→ **Material provided**
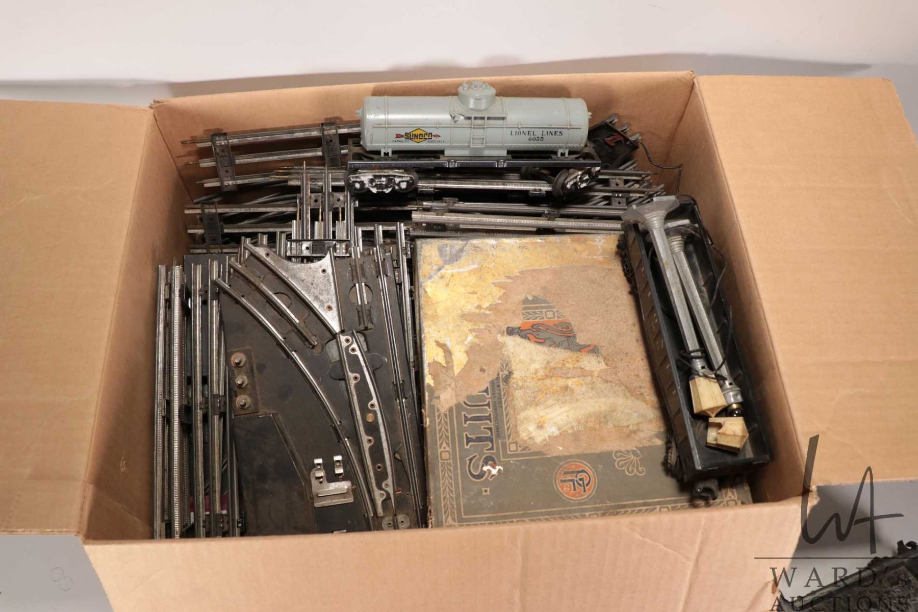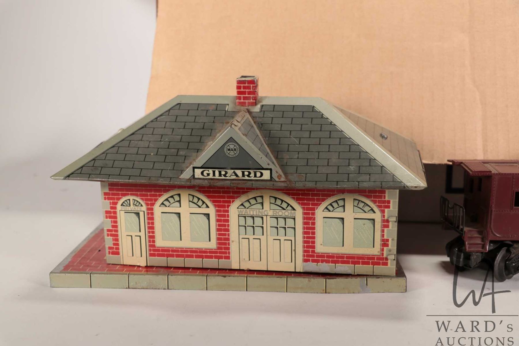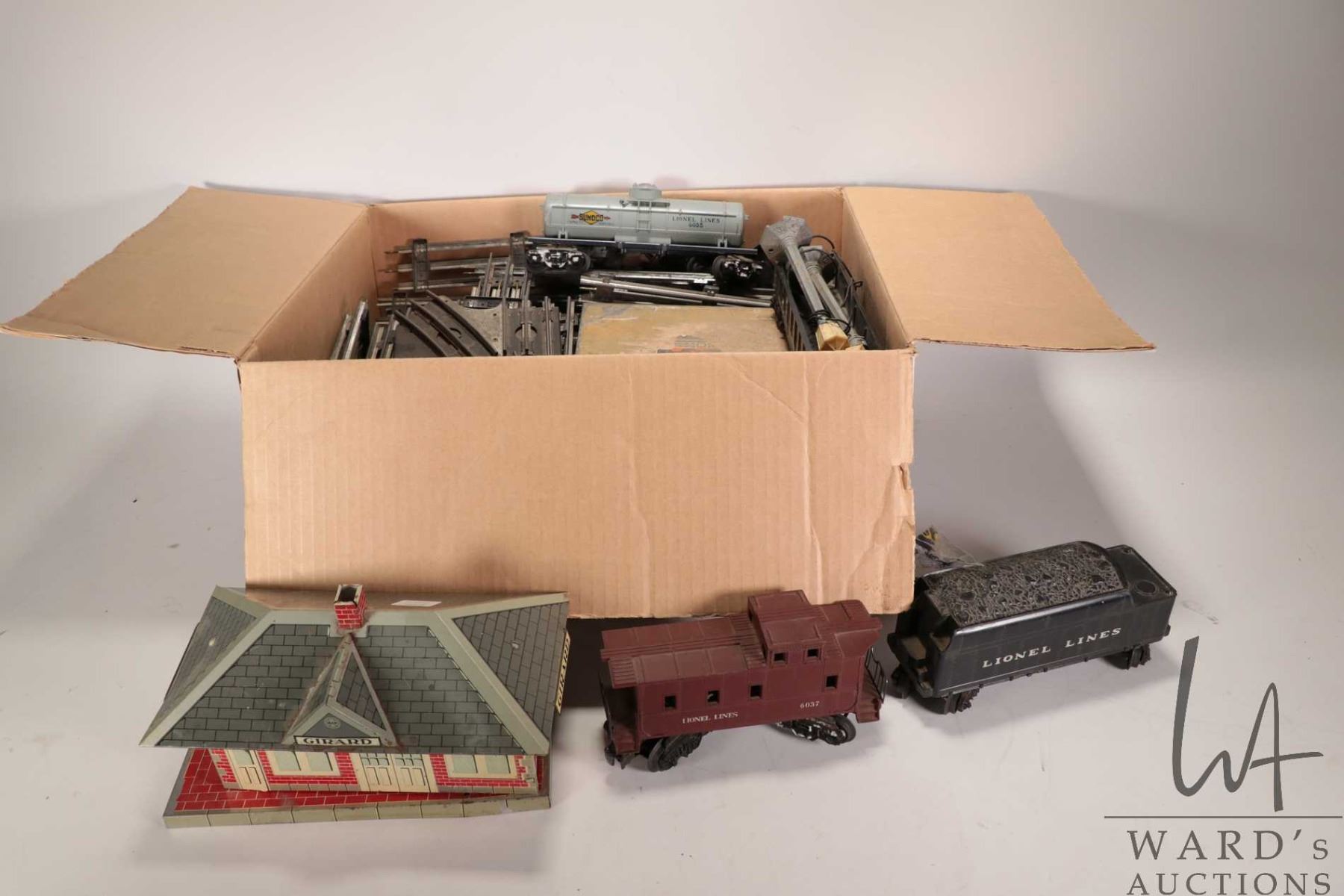 Lionel Train set including multi control "TRAIN master" power supply, four rolling stock a selection of track plus Girard pressed steel building, nothing tested at time of cataloguing
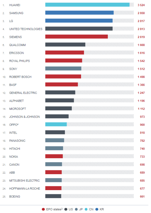 Yann Ménière : Les trois plus gros déposants ont été le chinois Huawei et les Coréens Samsung et LG. Ce baromètre des dépôts révèle en effet une montée en puissance de l’innovation en Asie, notamment en Chine. Jusque-là, le Japon et la Corée étaient de très gros déposants, mais ces derniers mois, on voit la Chine prendre toute sa place. Elle vient justement de dépasser la France au classement des premiers déposants à l’OEB.
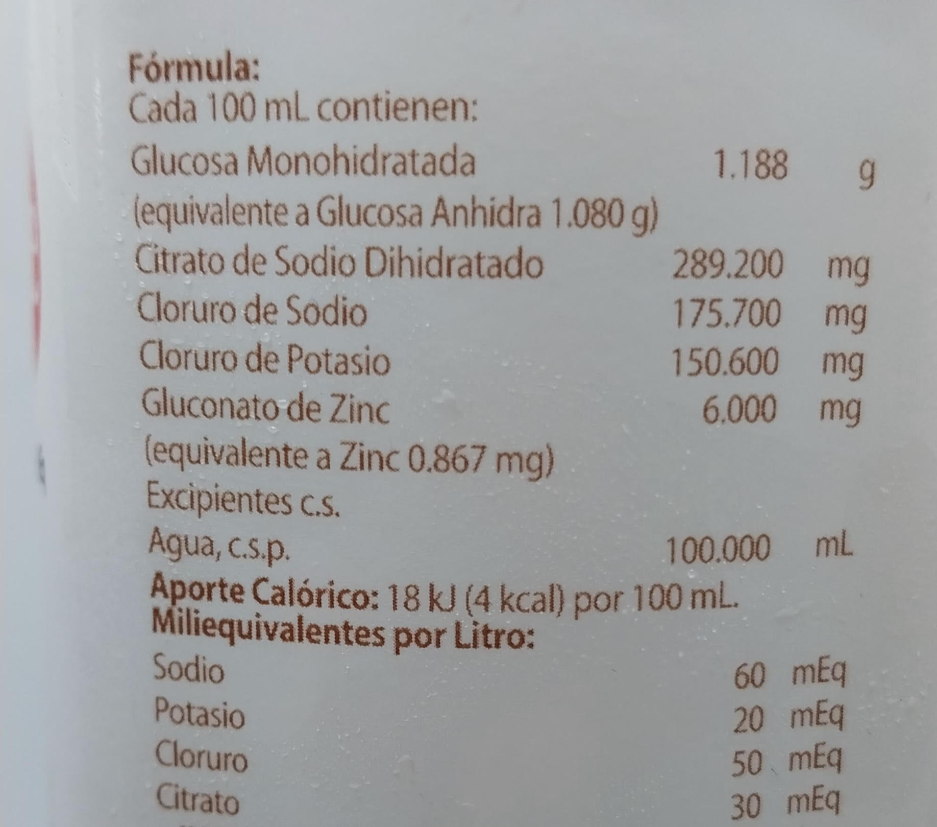 Tratamiento de la deshidratación.  Rehidratación para niños y adultos.  60mEq.
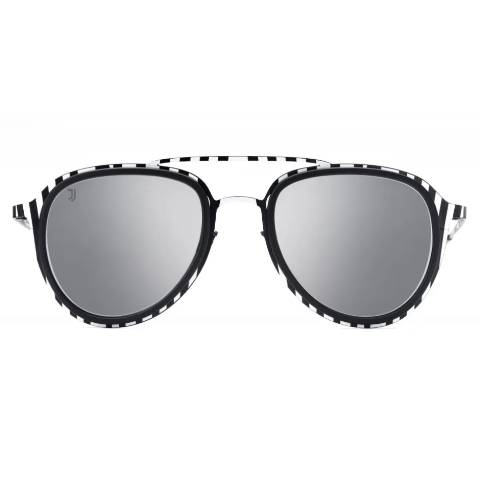 An innovative capsule from the Thin Metal family was created for Juventus. Technological and trendy glasses thanks to the use of high resistance steel, flat lenses, silicone nose pads and adjustable terminals. Combining stainless steel with a thickness of 0.8 mm and the plastic details around the lenses, the frames acquire a sophisticated and vintage look, but at the same time are easy to wear. Working with the colors of white and opaque black, we have created two impact fantasies that refer to Juventus. The new “J” logo was also lasered on the right lens of the glasses.
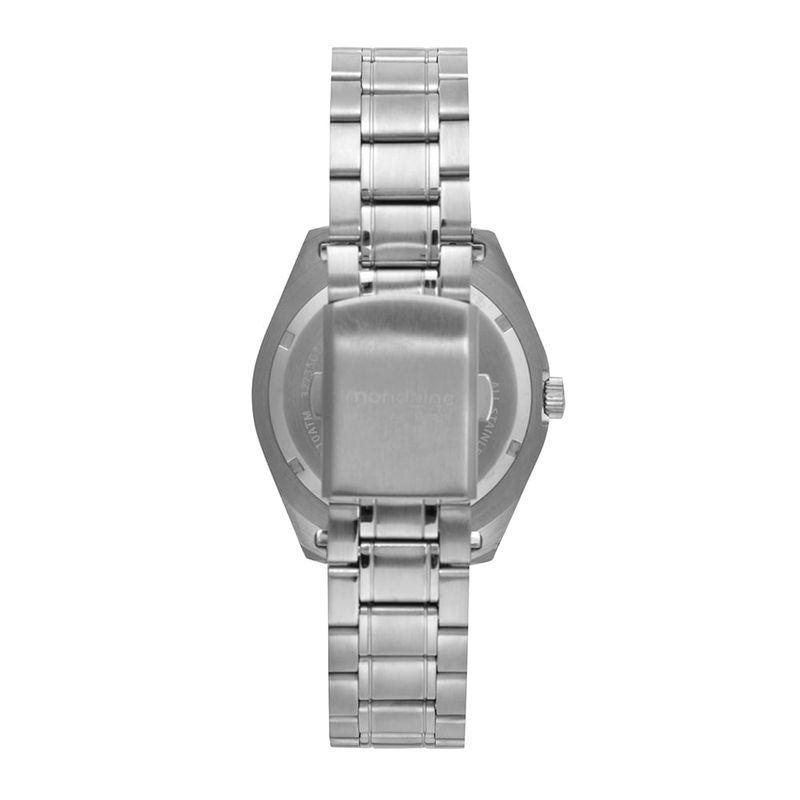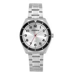 Fácil de combinar, este relógio de estilo casual é todo em aço, tornando-o uma escolha versátil para qualquer ocasião. Tem folheação cromada, marcações na catraca e numeração completa, garantindo praticidade e estilo. Com uma caixa em metal de 4,2 cm de diâmetro, oferece um ajuste perfeito em todos os tamanhos de pulso. Sua pulseira é trabalhada em aço escovado, com frisos polidos entremeados, e equipada com um prático fecho de acionamento lateral para ajuste fácil e seguro.
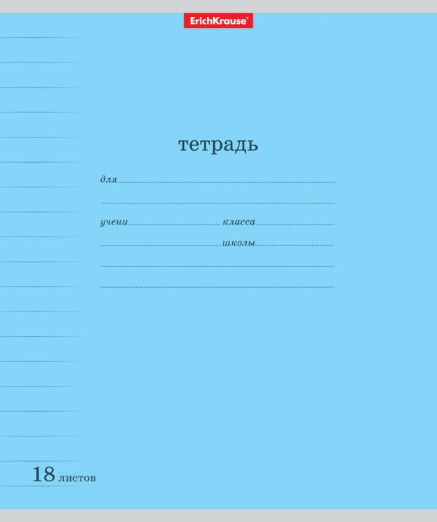 | Тетрадь 18 листов А5 на скрепке (линейка) ErichKrause офсет (картонная обложка) Классика Линовка Ассорти 35289  Тетрадь школьная ученическая формата А5+ (170х203 мм). Обложка из высококачественного мелованного картона плотностью 180 г/м2. В блоке 18 листов в линейку с полями. Бумага офсетная плотностью 60 г/м2. Цвет линовки - синий. Скругленные уголки обложки и блока. Тип скрепления - скоба. Товар предоставляется без возможности выбора. |

→ **Your task**
Your answer must be an exact copy of the entries above, with no pictures in it.

→ **Output of the task**
 Lionel Train set including multi control "TRAIN master" power supply, four rolling stock a selection of track plus Girard pressed steel building, nothing tested at time of cataloguing
 Yann Ménière : Les trois plus gros déposants ont été le chinois Huawei et les Coréens Samsung et LG. Ce baromètre des dépôts révèle en effet une montée en puissance de l’innovation en Asie, notamment en Chine. Jusque-là, le Japon et la Corée étaient de très gros déposants, mais ces derniers mois, on voit la Chine prendre toute sa place. Elle vient justement de dépasser la France au classement des premiers déposants à l’OEB.
 Tratamiento de la deshidratación.  Rehidratación para niños y adultos.  60mEq.
 An innovative capsule from the Thin Metal family was created for Juventus. Technological and trendy glasses thanks to the use of high resistance steel, flat lenses, silicone nose pads and adjustable terminals. Combining stainless steel with a thickness of 0.8 mm and the plastic details around the lenses, the frames acquire a sophisticated and vintage look, but at the same time are easy to wear. Working with the colors of white and opaque black, we have created two impact fantasies that refer to Juventus. The new “J” logo was also lasered on the right lens of the glasses.
 Fácil de combinar, este relógio de estilo casual é todo em aço, tornando-o uma escolha versátil para qualquer ocasião. Tem folheação cromada, marcações na catraca e numeração completa, garantindo praticidade e estilo. Com uma caixa em metal de 4,2 cm de diâmetro, oferece um ajuste perfeito em todos os tamanhos de pulso. Sua pulseira é trabalhada em aço escovado, com frisos polidos entremeados, e equipada com um prático fecho de acionamento lateral para ajuste fácil e seguro.
 | Тетрадь 18 листов А5 на скрепке (линейка) ErichKrause офсет (картонная обложка) Классика Линовка Ассорти 35289  Тетрадь школьная ученическая формата А5+ (170х203 мм). Обложка из высококачественного мелованного картона плотностью 180 г/м2. В блоке 18 листов в линейку с полями. Бумага офсетная плотностью 60 г/м2. Цвет линовки - синий. Скругленные уголки обложки и блока. Тип скрепления - скоба. Товар предоставляется без возможности выбора. |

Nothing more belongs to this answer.